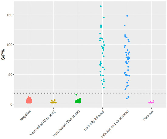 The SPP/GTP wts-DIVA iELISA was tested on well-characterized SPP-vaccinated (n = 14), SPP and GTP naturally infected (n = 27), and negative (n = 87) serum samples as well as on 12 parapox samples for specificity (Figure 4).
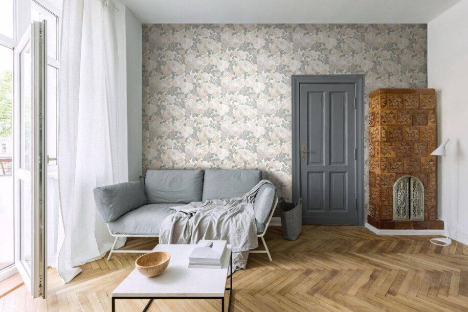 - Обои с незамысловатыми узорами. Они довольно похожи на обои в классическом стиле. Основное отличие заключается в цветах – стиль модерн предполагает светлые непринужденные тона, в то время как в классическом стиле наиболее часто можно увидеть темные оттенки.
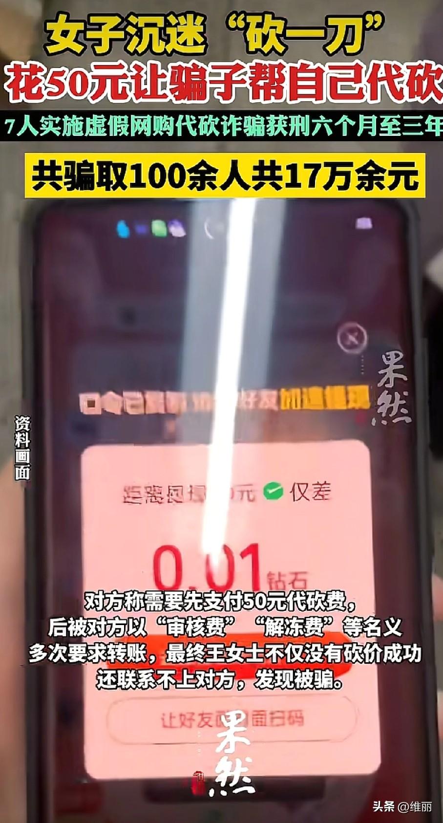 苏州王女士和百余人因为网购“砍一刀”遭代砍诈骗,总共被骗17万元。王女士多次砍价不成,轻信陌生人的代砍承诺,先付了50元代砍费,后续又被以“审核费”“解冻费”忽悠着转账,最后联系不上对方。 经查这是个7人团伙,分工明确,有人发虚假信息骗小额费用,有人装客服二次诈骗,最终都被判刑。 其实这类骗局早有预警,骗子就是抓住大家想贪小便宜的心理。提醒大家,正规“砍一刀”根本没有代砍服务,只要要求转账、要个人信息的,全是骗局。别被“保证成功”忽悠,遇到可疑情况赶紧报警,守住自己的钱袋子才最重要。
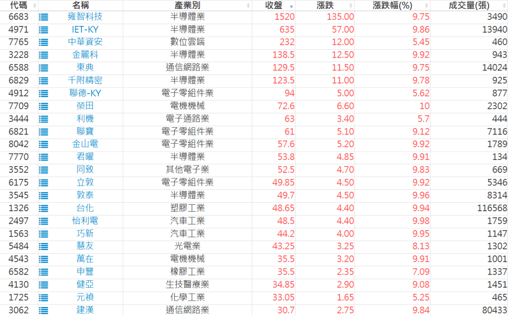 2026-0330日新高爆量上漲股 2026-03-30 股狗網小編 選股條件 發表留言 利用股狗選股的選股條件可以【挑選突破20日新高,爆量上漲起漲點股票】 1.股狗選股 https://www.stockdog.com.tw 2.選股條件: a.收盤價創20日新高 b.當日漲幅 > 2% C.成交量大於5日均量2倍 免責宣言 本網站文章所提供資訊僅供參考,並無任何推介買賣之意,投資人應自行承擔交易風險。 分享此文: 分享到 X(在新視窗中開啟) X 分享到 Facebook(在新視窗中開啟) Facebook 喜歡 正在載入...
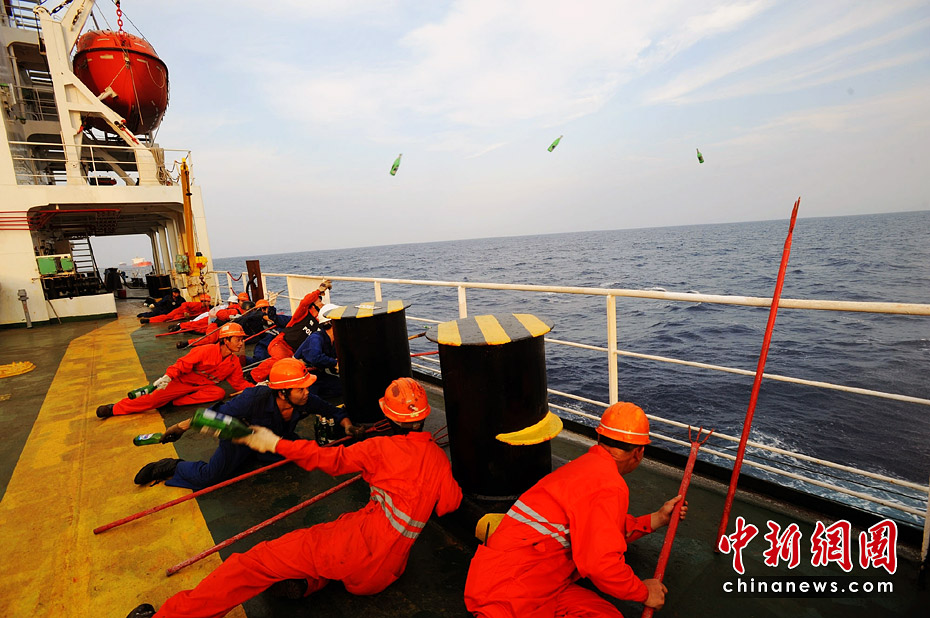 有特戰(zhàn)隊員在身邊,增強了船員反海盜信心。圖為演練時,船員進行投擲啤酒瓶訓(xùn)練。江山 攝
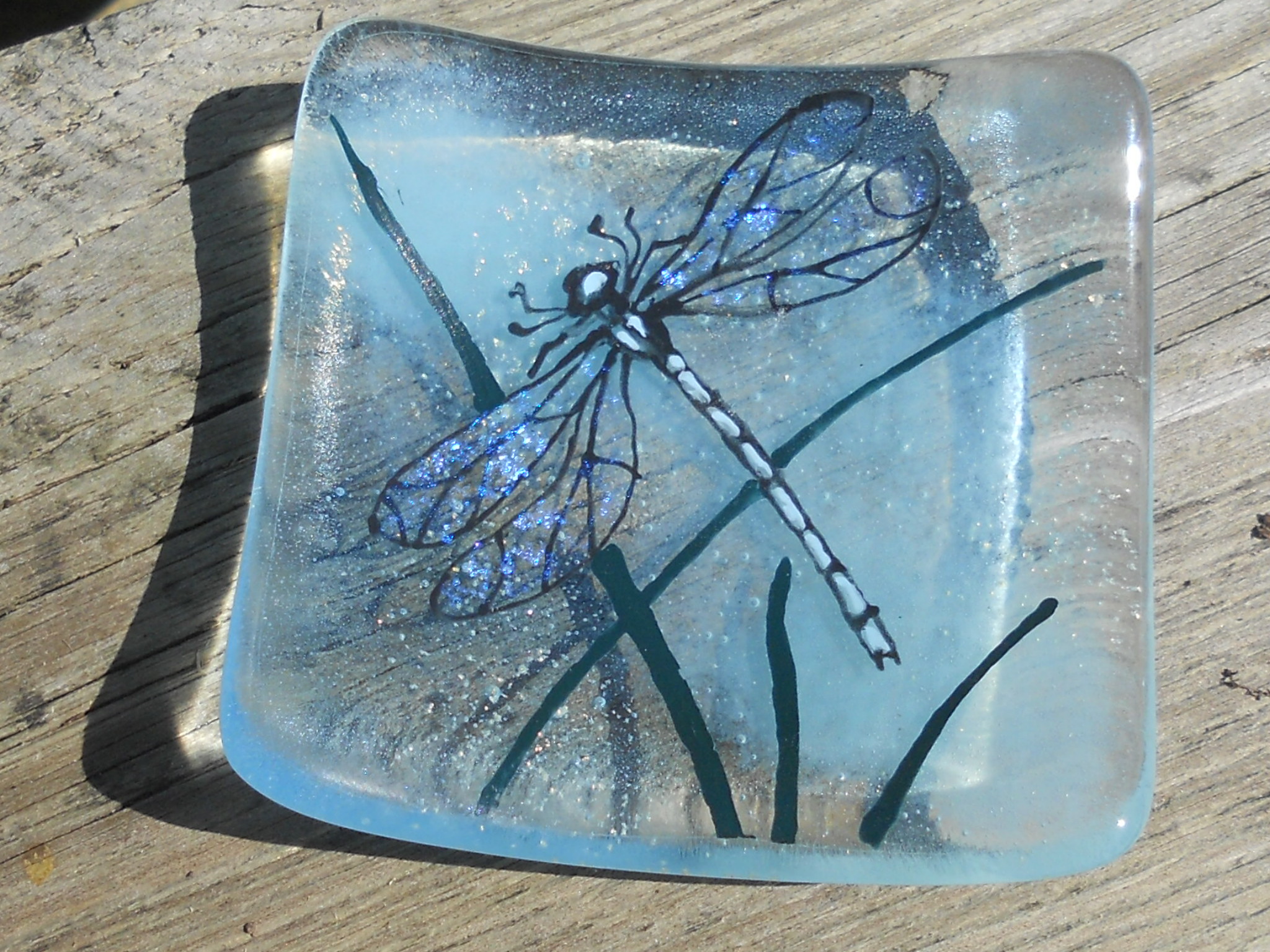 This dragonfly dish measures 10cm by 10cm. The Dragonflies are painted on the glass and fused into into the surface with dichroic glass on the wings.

(Work instruction): Going from the line with "2026-0330日新高爆量上漲股 2026-03-30 股狗網小編" to the last line of the listing, write out each line exactly and nothing else. Leave out all pictures.

(Response to the exercise):
 2026-0330日新高爆量上漲股 2026-03-30 股狗網小編 選股條件 發表留言 利用股狗選股的選股條件可以【挑選突破20日新高,爆量上漲起漲點股票】 1.股狗選股 https://www.stockdog.com.tw 2.選股條件: a.收盤價創20日新高 b.當日漲幅 > 2% C.成交量大於5日均量2倍 免責宣言 本網站文章所提供資訊僅供參考,並無任何推介買賣之意,投資人應自行承擔交易風險。 分享此文: 分享到 X(在新視窗中開啟) X 分享到 Facebook(在新視窗中開啟) Facebook 喜歡 正在載入...
 有特戰(zhàn)隊員在身邊,增強了船員反海盜信心。圖為演練時,船員進行投擲啤酒瓶訓(xùn)練。江山 攝
 This dragonfly dish measures 10cm by 10cm. The Dragonflies are painted on the glass and fused into into the surface with dichroic glass on the wings.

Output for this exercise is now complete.